> [Exercise details]:
What you return should be the complete data below, word for word, with no pictures in it.

> [Material provided]:

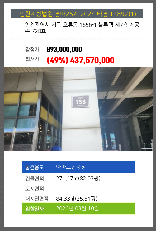 본건은 인천광역시 서구 오류동 1656-1 블루텍 제7층 제공존-728호
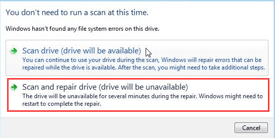 • À la fin du processus, la boîte de dialogue Vérification des erreurs peut apparaître. Cliquez ici sur Scan and repair drive> suivez les instructions à l’écran pour réparer les erreurs.
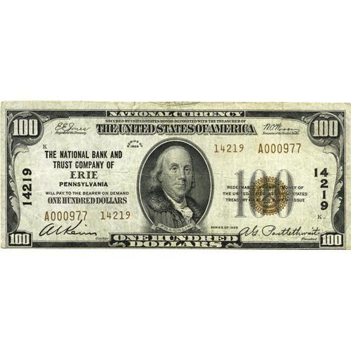 <B>Erie, PA</B></I> - $100 1929 Ty. 2 <B>The NB & TC</B></I> Ch. # 14219<BR>A scarce type and denomination from any bank, with this example a new addition to the census from here. <B>Fine+,</B></I> with the bottom margin trimmed very tightly.

> [The answer]:
 본건은 인천광역시 서구 오류동 1656-1 블루텍 제7층 제공존-728호
 • À la fin du processus, la boîte de dialogue Vérification des erreurs peut apparaître. Cliquez ici sur Scan and repair drive> suivez les instructions à l’écran pour réparer les erreurs.
 <B>Erie, PA</B></I> - $100 1929 Ty. 2 <B>The NB & TC</B></I> Ch. # 14219<BR>A scarce type and denomination from any bank, with this example a new addition to the census from here. <B>Fine+,</B></I> with the bottom margin trimmed very tightly.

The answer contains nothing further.